Царские дела у Алексея Михайловича вершились без мешканья.
17 сентября, через шесть всего дней по прибытии в Москву, была у Брюховецкого невеста, и спрашивал он своего пристава Желябужского:
– Добрый Иван Афанасьевич, объясни, Бога ради, как мне быть! Самому ехать к Долгорукому говорить о сватовстве или моих людей посылать? Где мне с князем прилично ударить по рукам? На какой двор невесту привозить? Кого звать на свадьбу, в каких Чинах? Тысяцким обещал быть Пётр Михайлович Салтыков, а больше у меня в Москве знакомых людей нет!

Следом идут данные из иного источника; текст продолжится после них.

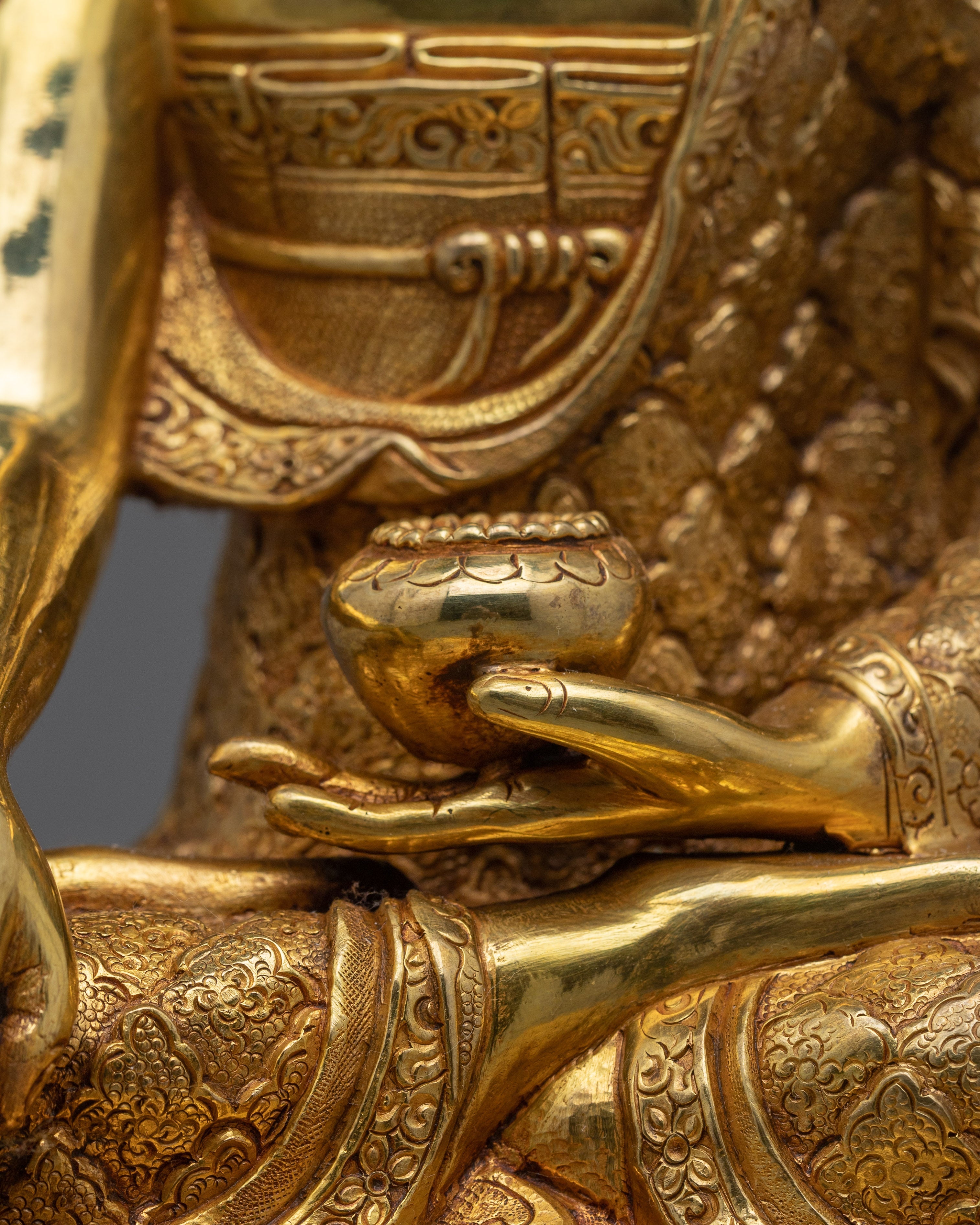 Embrace the Shakyamuni Buddha Gold Gilded Figurine and its radiant light of spiritual enlightenment. This stunning sculpture, which was made with great care and accuracy, captures the spirit of calm and inner peace. It is 15 inches tall and has a base that is 10.2 inches in diameter. It radiates calm and a sense of spiritual enlightenment. This statue, with its elaborate acrylic paintings and 24K gold gilding on a copper body, embodies the heavenly presence of Shakyamuni Buddha.
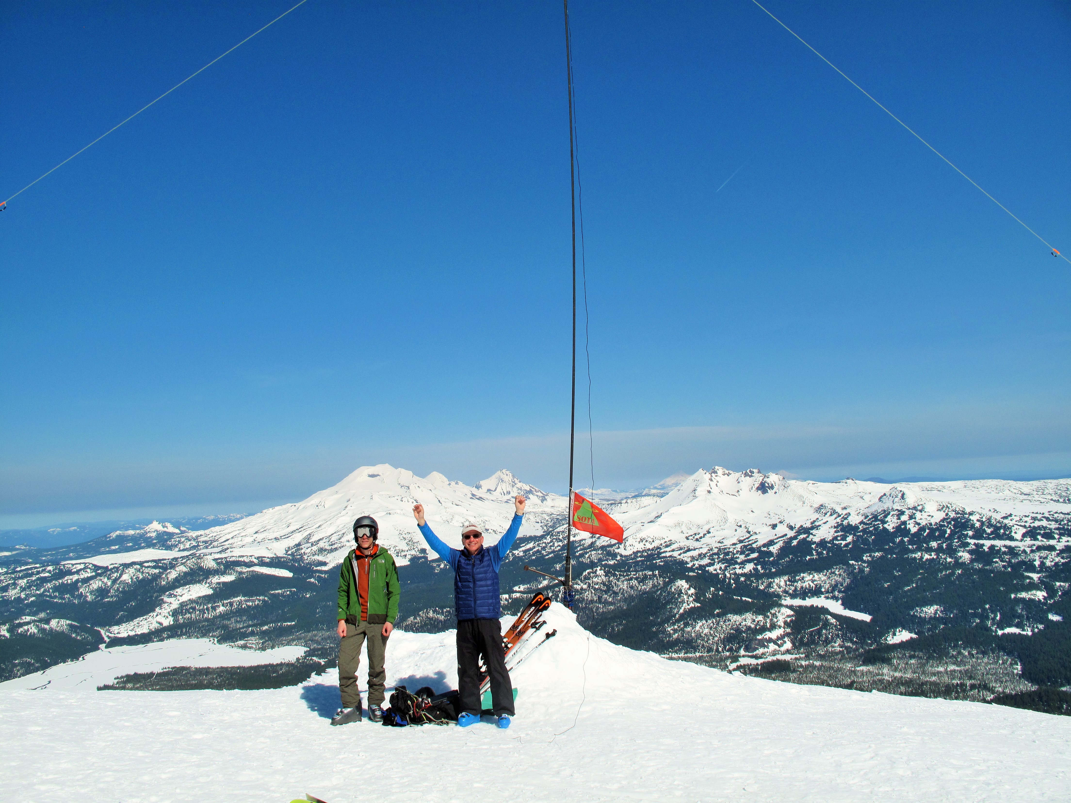 3 X 3 X 3 X 3 X 3 = Three Activations in three days with three, 3X3 (weak signal) contacts, amongst about 50 contacts overall. During an early Spring vacation in the Bend, Oregon area, we enjoyed all that Central Oregon is famous for! Good spring skiing, snowshoeing, hiking, SOTA Activations, and a sampling of several of the more than 80 breweries that exist in the greater Bend area. This report, number 1 of 3, deals with the Activation of Mount Bachelor, 9,065 feet, 2,763 meters.
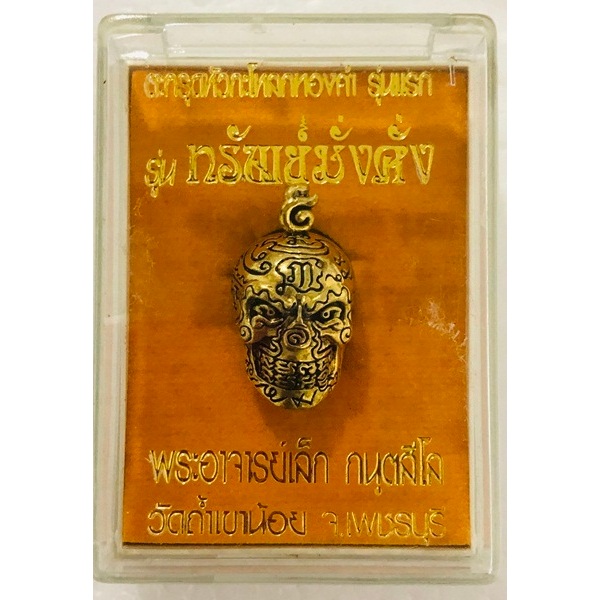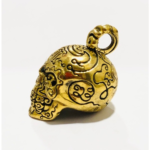 หัวกะโหลกทองคำ รุ่น “ทรัพย์มั่งคั่ง” รุ่นแรก พระอาจารย์เล็ก เนื้อทองเหลือง
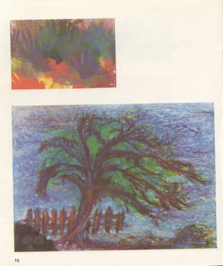 Este documento describe diferentes técnicas artísticas para crear imágenes utilizando lápices de cera. Explica cómo mezclar y aplicar los colores de los lápices de cera, y cómo utilizar técnicas como el raspadado y la combinación con pintura al agua para lograr efectos originales. También ofrece consejos sobre el trabajo con niños y la prevención de desorden.
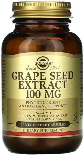 Екстракт виноградних кісточок Solgar Grape Seed 100 мг 60 вегетаріанських капсул в упаковці (ARE-574160)
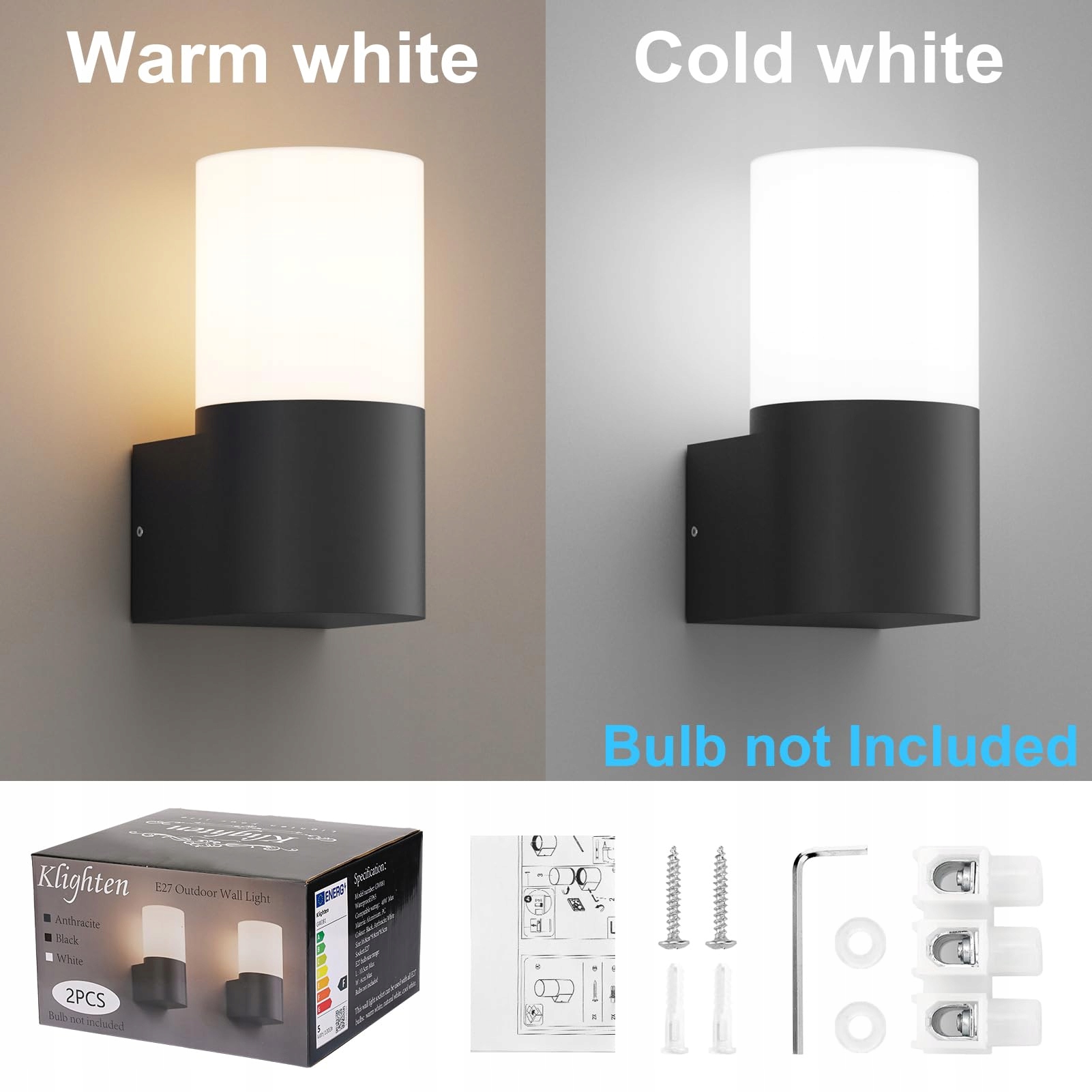 KLIGHTEN Zewnetrzne Lampy Scienne E27 IP65 Czarny Bez Zarowek 2 Sztuki | Premium Supply
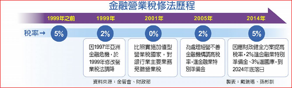 金融業營業稅稅率5%將在2024年底落日,各公會積極協助金融業爭取調降,如工商協進會理事長吳東亮、銀行公會理事長暨兆豐金董事長雷仲達都公開建議主管機關降稅率,總統蔡英文也承諾可進一步評估金融營業稅稅率,財政部部長莊翠雲日前則強調態度開放。據悉,金融營業稅率調降已逐漸達到共識。

Суетился Иван Мартынович, головы, впрочем, не теряя, о всех своих заботах помнил, своё требовал сполна.
– Иван Афанасьевич, – налегал он на Желябужского, – спроси у кого следует и объяви мне честно: в каком платье на венчании и на свадьбе пристойно мне будет появиться: в московском или в служебном, в казацком? Посылать ли невесте до свадьбы подарки? У нас принято дарить суженой серьги, платье, башмаки с чулками... Спросил бы ты, друг мой, о моих печалях у самого великого государя, пусть он указ даст.
Ясельничий Желябужский слушал и в затылке скрёб.
– Лучше всего напиши обо всём. Подашь челобитие на пиру у великого государя.
– Государь позовёт на пир на отпуске, а сватов уж теперь надо посылать! – не соглашался гетман.
– До отпуска будет пир! – брякнул Желябужский и прикусил язык: проговорился. У царя все его дела, даже добрые, нежные, – тайна.
Прежде чем звать казаков на пир, пригласил Алексей Михайлович гетмана в Боярскую Думу. Здесь, перед лицом знаменитейших родов Русского царства, Брюховецкому объявили царскую милость, возвели в боярское достоинство. Отныне Иван Мартынович должен был писать на своих грамотах и универсалах: «боярин и гетман»,
В честь нового боярина царь задал пир в Золотой палате. Здесь и указали Брюховецкому его место. Было оно завидное. Выше гетмана сидели двое: ближний боярин князь Никита Иванович Одоевский да ближний боярин Пётр Михайлович Салтыков. Всего же бояр у самодержца всея Руси было восемьдесят, одиннадцать из них – ближние. Окольничих – девяносто, думных дворян – сорок, думных дьяков – одиннадцать.
7
Во Псков к воеводе Ордин-Нащокину приехали посланные царём селитряные мастера Кашпирка Григорьев да Микитка Волчёнок. Селитряным делом великий государь указал ведать опальному. Добрый знак: опалы, знать, убыло.
За пособничество Зюзину, обманно призвавшему в Москву патриарха Никона, думный дворянин Афанасий Лаврентьевич Ордин-Нащокин был отправлен с глаз долой во Псков. Воеводой, да без права ведать военными и городскими делами. Всё это было отдано князю Хованскому. Опальному указали вести переговоры с иноземцами, решать межевые, таможенные дела.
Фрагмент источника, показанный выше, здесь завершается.